これが、右肩下がりの時代に入って裏目に出る。かつての優良顧客が業績不振に陥ったり、別の企業に買収されるなどにより、取引が激減し始めたのだ。その一方で、成長著しい新興業界においては、新規顧客の開拓が進まず、他社に遅れをとってしまった。

 右肩下がりの時代において必要となるのは、取引先のポテンシャルを見極める目利き能力と、顧客のスクラップ&ビルドという考え方だ。右肩上がりの時代であれば多くの企業が成長できるため、目の前の顧客に密着するやり方でも通用する。しかし、右肩下がりの時代においては、勝ち馬を見極める目がなければ、資源を浪費するだけに終わってしまう。既存の顧客にいい顔をしようという意識自体を捨てなければいけないのだが、出来上がってしまった価値観がそれを許さないのだ。この会社では、いま「価値観の変革」が最大の課題となっている。

終身雇用制から脱却し
外部との連携を可能にする

 終身雇用制は、自社のことしか知らない人材を多数つくりだす。こうした人たちが、自社でしか通用しない仕事のやり方を次々と生み出してきた。日本企業があらゆることにおいて自社独自の仕様にこだわるのは、ここに原因がある。海外では、人材が流動的であるため、業界標準のやり方が重視される。それによって様々な企業から集まってくる人たちが協力し合って動けるのだ。それが、グローバルな連携や、他企業との協業、M&Aをも容易にしている。

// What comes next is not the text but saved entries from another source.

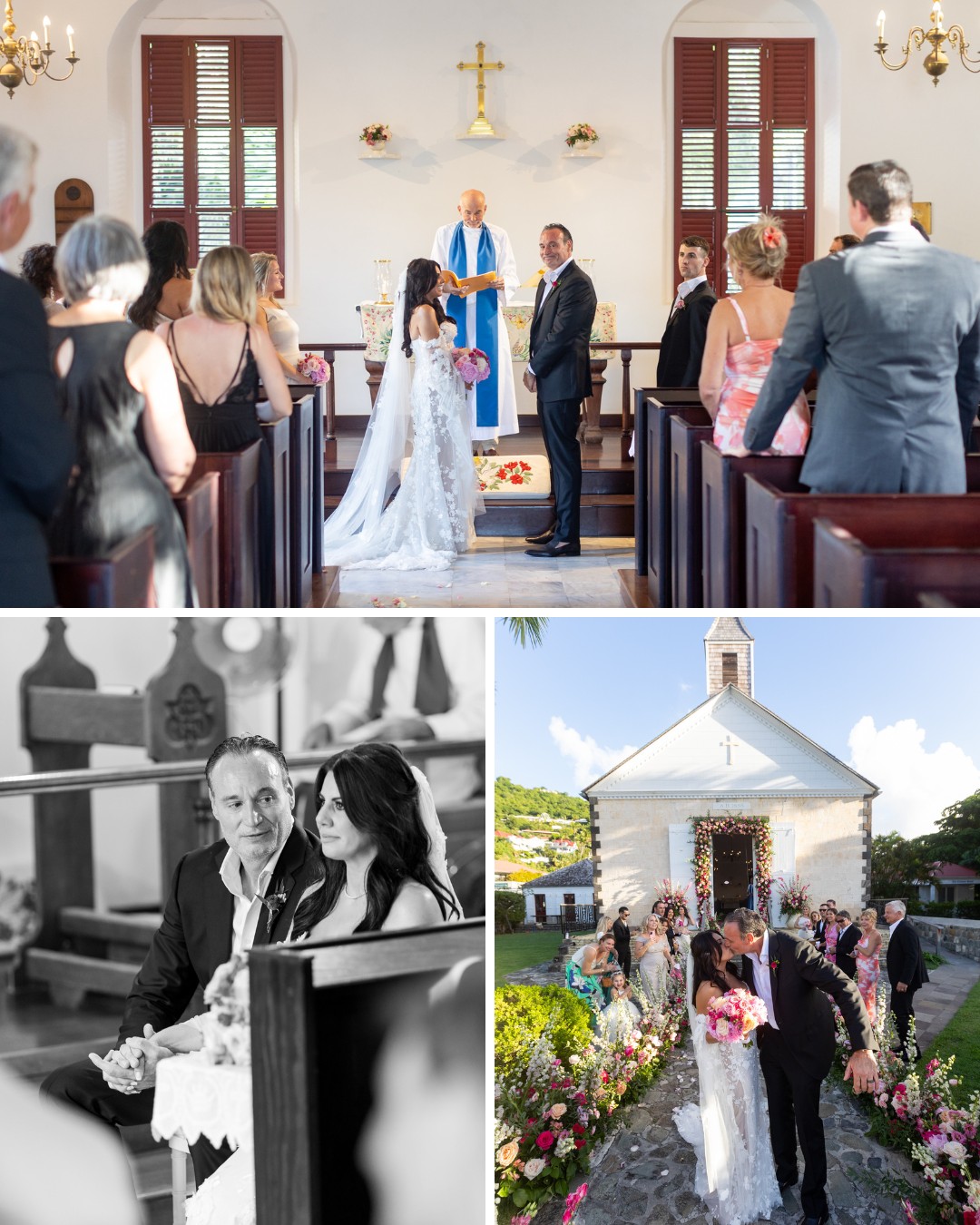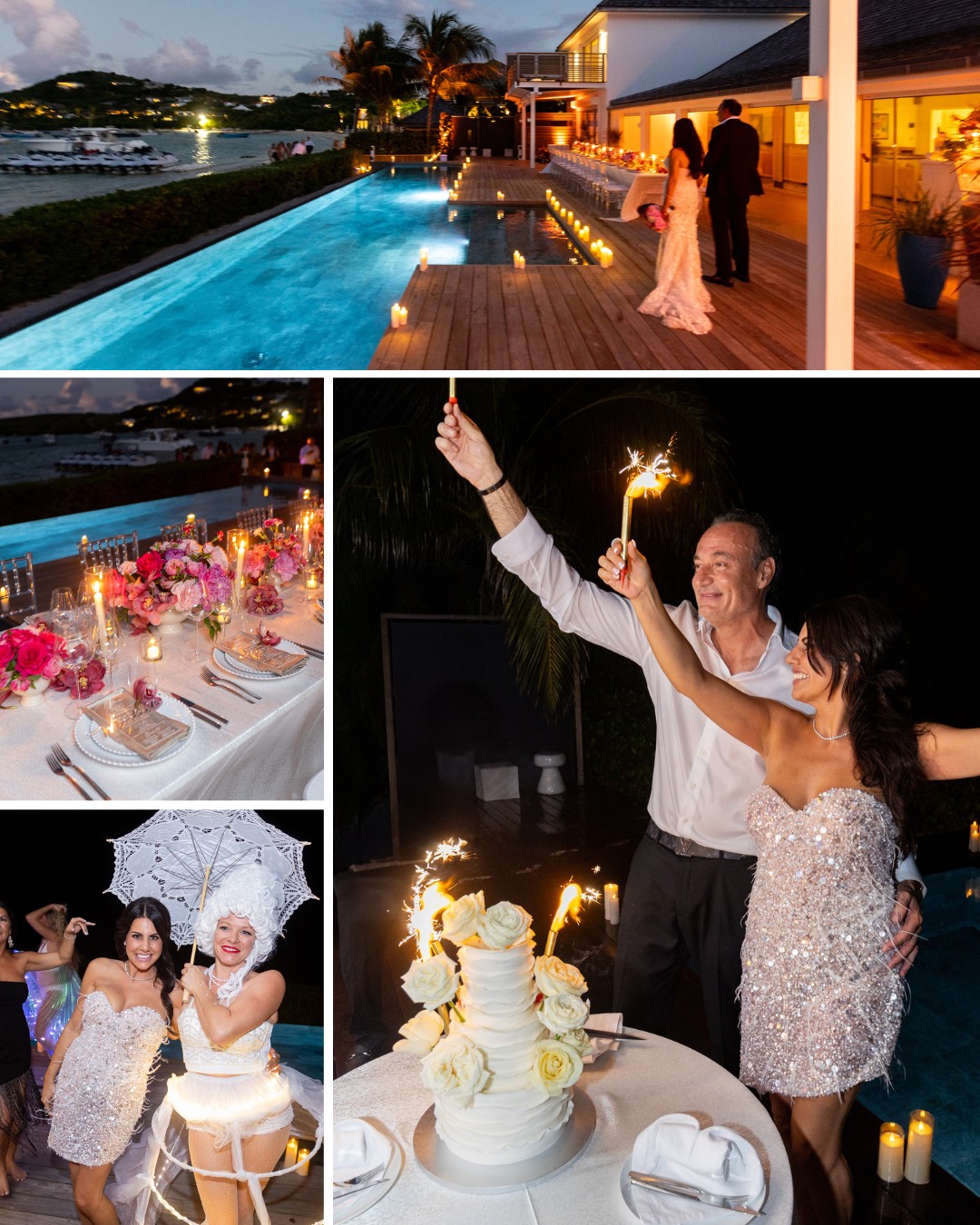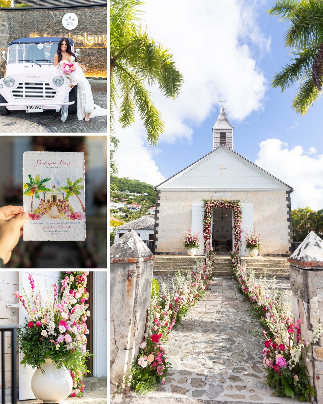Vendors: Photographer: Phillip Van Nostrand; Planner: Epic Presentations; Ceremony Site: St Bartholomews Anglican Church; Reception Site: Le Barthelemy Hotel and Spa; Florist: Liberty St Barth; Stationery: Moon St Barth & St Barth Art Prints; Dessert: Croquembouche by Chef Jeremy Czaplicki; Hair: Selena Sumonja; Makeup: Nicole Gilani; Bride’s Gown: Lee Petra Grebenau; Party Dress: Galia Lahav; Men’s Attire: Suit Supply; Bridesmaids Dresses: Bella Bridesmaids; Entertainment: DJ Philippe Paris & Al Sax; Video: B Studios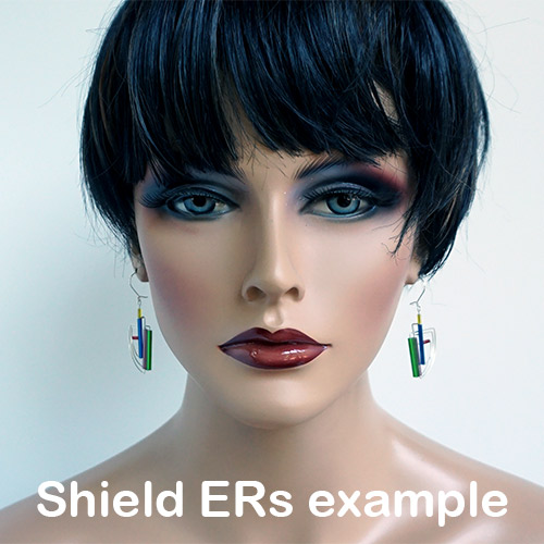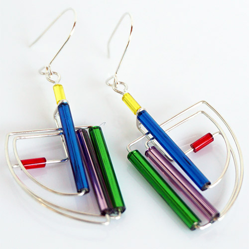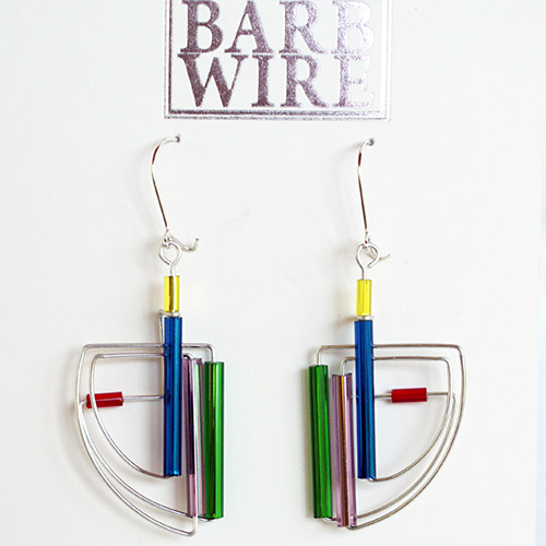 Barbie Levy works from her studio in Owings Mills, MD. Her "Barb Wire" series is created from sterling silver and colorful glass tubing. The ear wires hook closed. They look like little pieces of modern art for your ears. Light weight.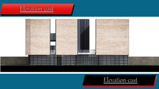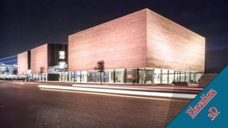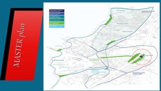 - Concept drawings and photos of the town hall are included, along with details on its design, materials, and goals to protect from noise while connecting different parts of the city.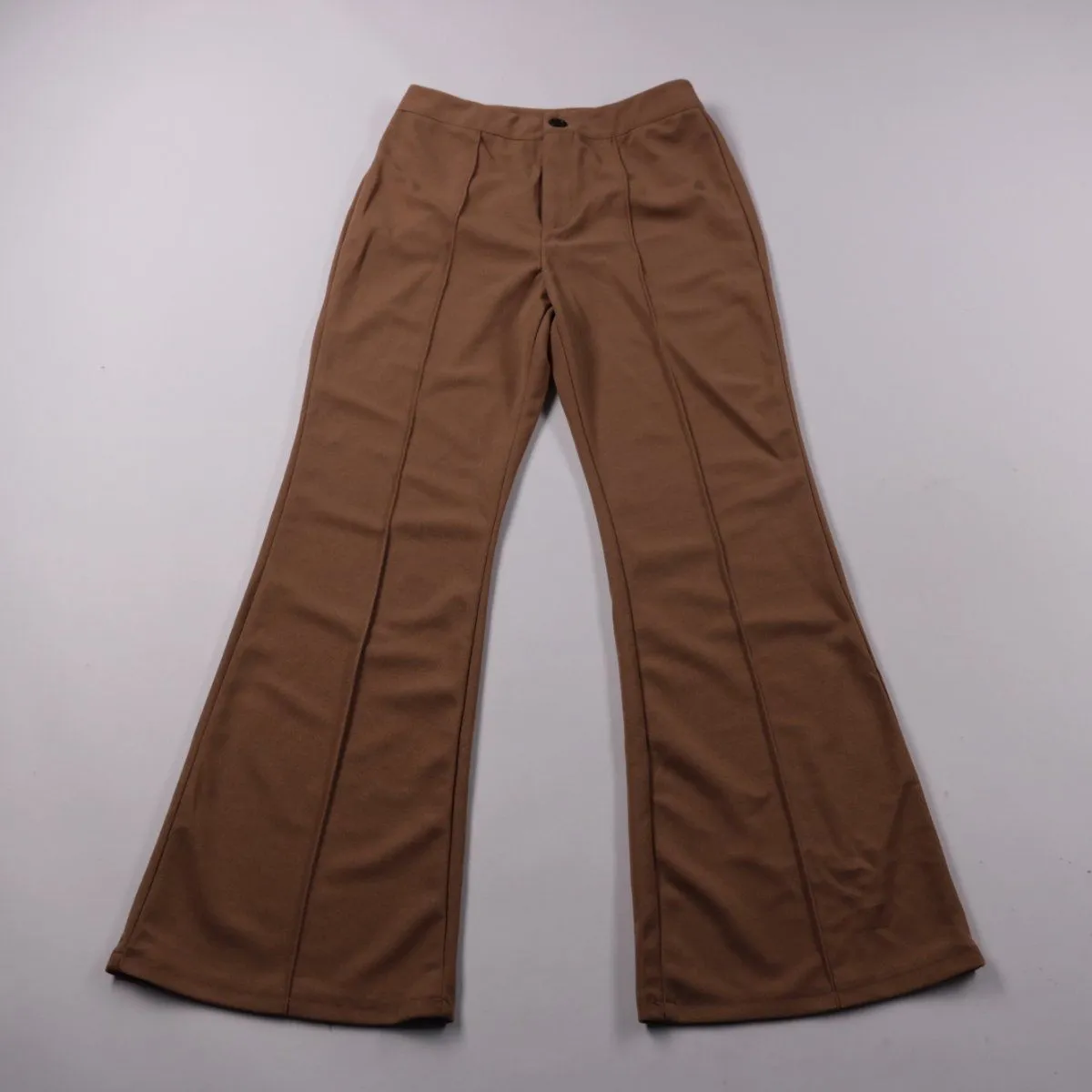 Женские брюки SHEIN коричневого цвета с расширением книзу и выраженными вертикальными швами спереди. Подойдут для повседневных и офисных образов с базовыми топами, рубашками и жакетами. Практичный плюс — визуально вытягивают силуэт за счёт кроя и линий швов.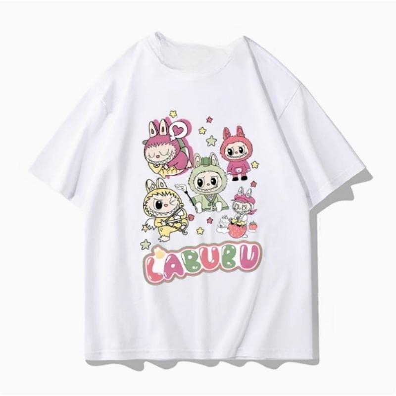 Мужская футболка с коротким рукавом для лета, коллаборация LABUBU, аксессуары для куклы Лабубу, свободная и универсальная одежда, с рукавом до локтя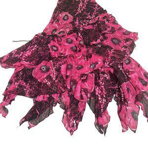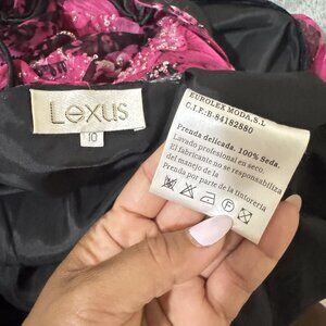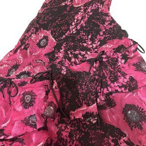 Lexus Women's Pink Black Silk Double Straps Floral Beaded Long Dress Size UK 10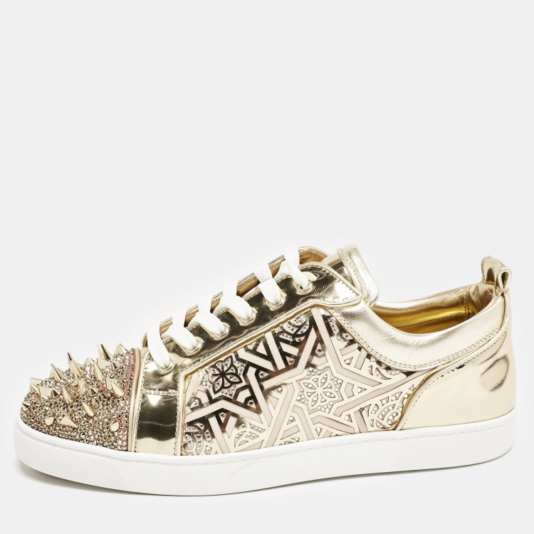 Pre Owned حذاء رياضي كريستيان لوبوتان لويز جونيور بك بك جلدي لامع ذهبي منخفض العنق مقاس 45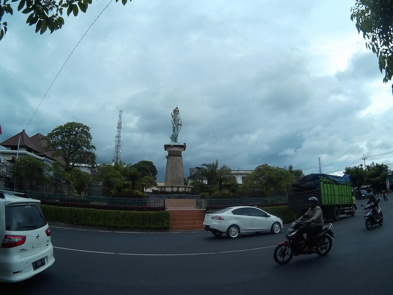 Aber als ich an einer Verkehrsinsel mit einer Statue einen Fotostop einlege, springt der Roller nicht mehr an. Ich drehe den Zündschlüssel und er gibt keinen Mucks von sich. Oh Mist. Ich versuche immer wieder, den Schlüssel zu drehen und den Motor zu starten, höre aber nichtmals den Anlasser. Was mach ich denn jetzt.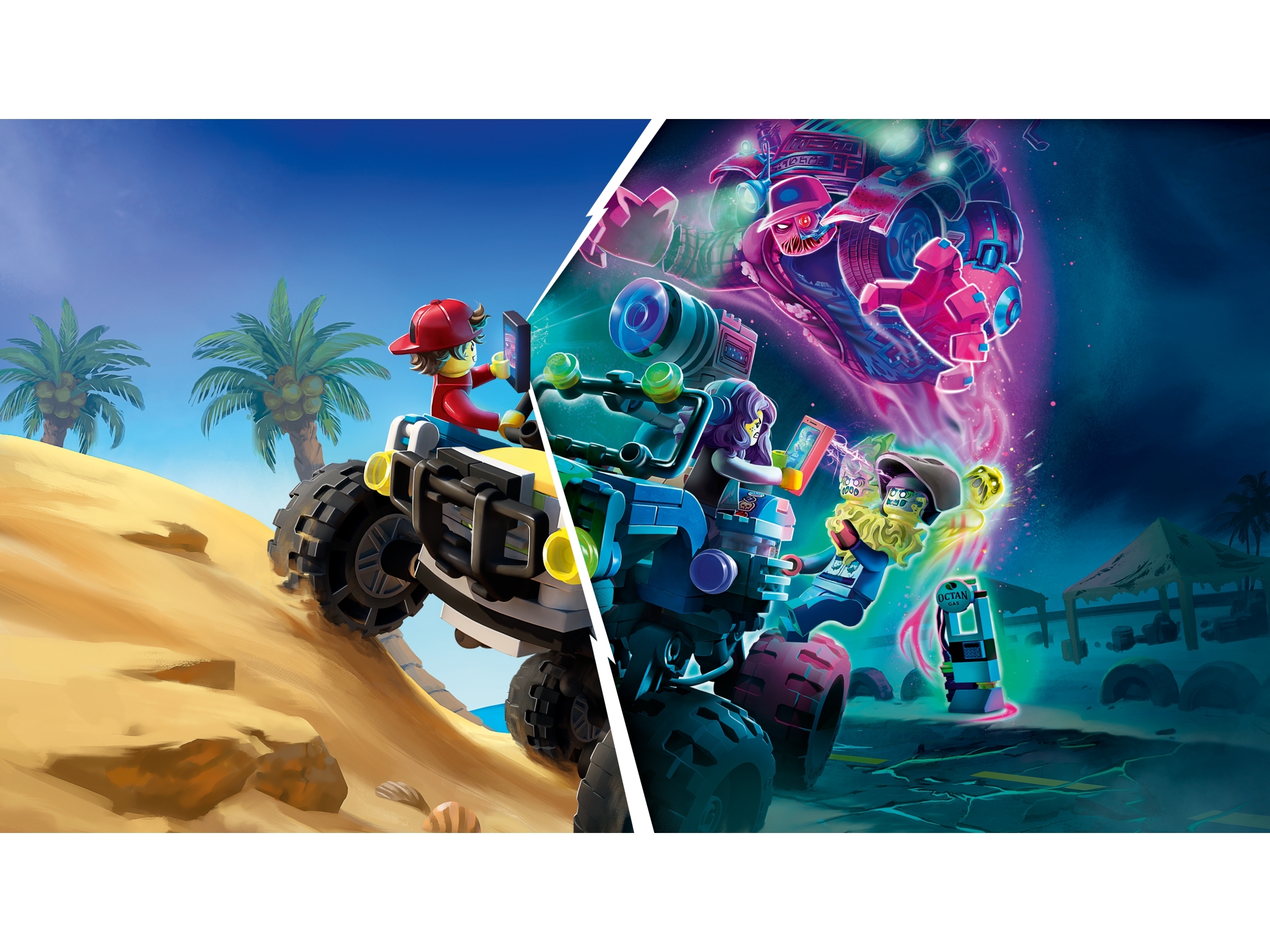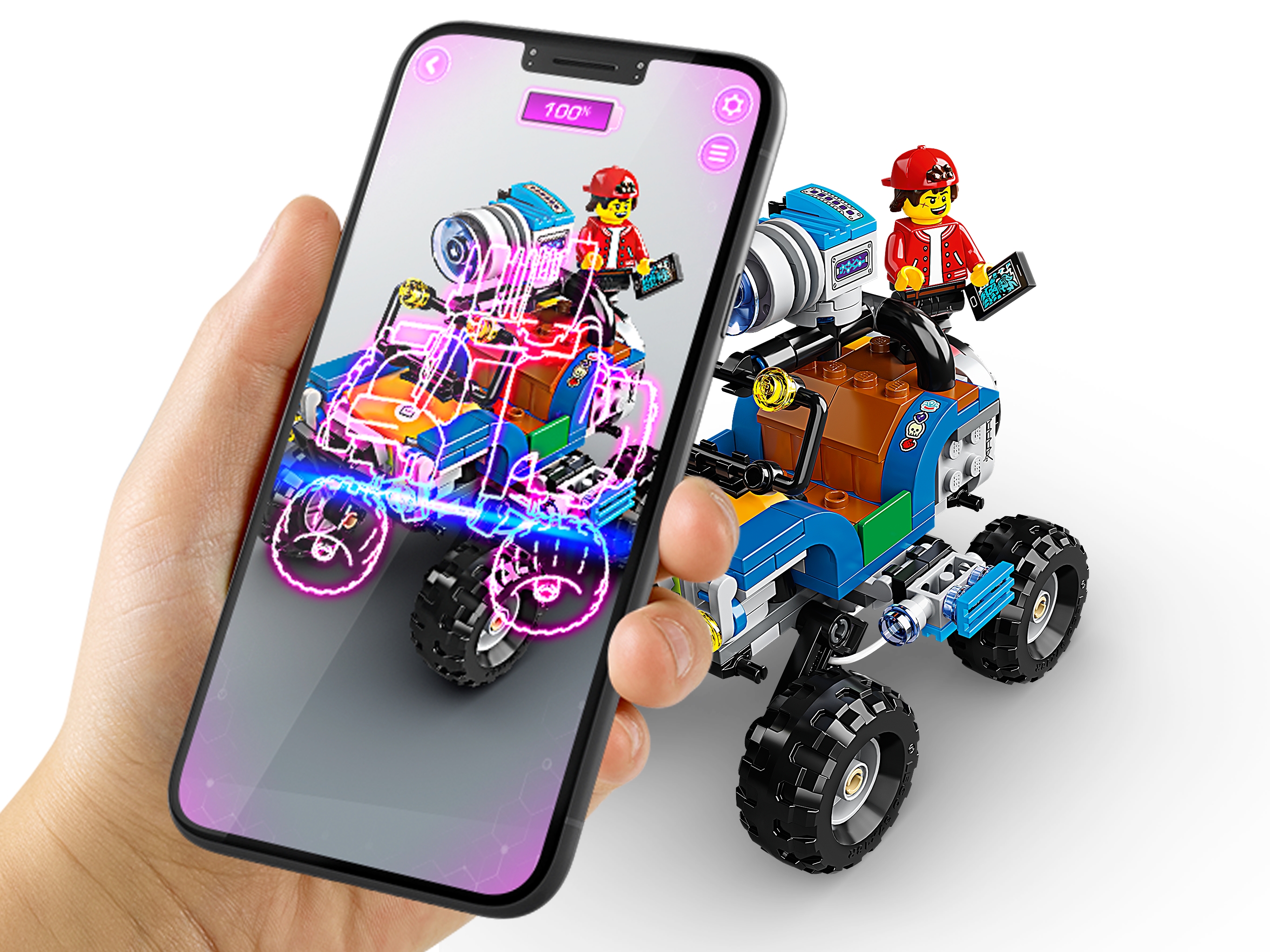 • Wird der LEGO® Spielzeug-Strandbuggy durch ein Smartphone oder ein Tablet mit der kostenlosen LEGO AR-App betrachtet wird, erscheint eine digitale Geisterwelt. Dort können Kinder Geheimnisse lüften, Geister jagen und sich mit Trucker Dale messen.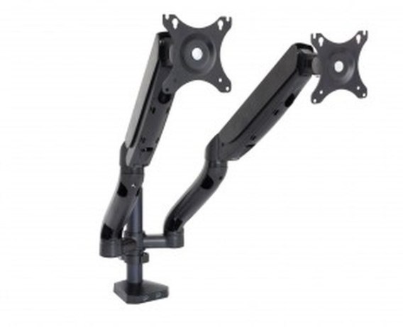 Uchwyt biurkowy przeznaczony do 2 monitorów o przekątnej ekranu od 10 do 32 cali. Maksymalne obciążenie wynosi 9 kg.

 日本企業は顧客に密着して、徹底的にカスタマイズすることを得意とするが、一方で、業界スタンダードを獲得することの重要性を、本質的には理解できていない。また、日本の常識しか見えない人をつくることで、新興国のビジネスに乗り遅れてしまった。独自仕様の追求はコスト高につながり、いまでは、頼りの国内ですら利益をあげることが難しくなってきている。我々は雇用慣行をも壊すべき時期に来ているといえよう。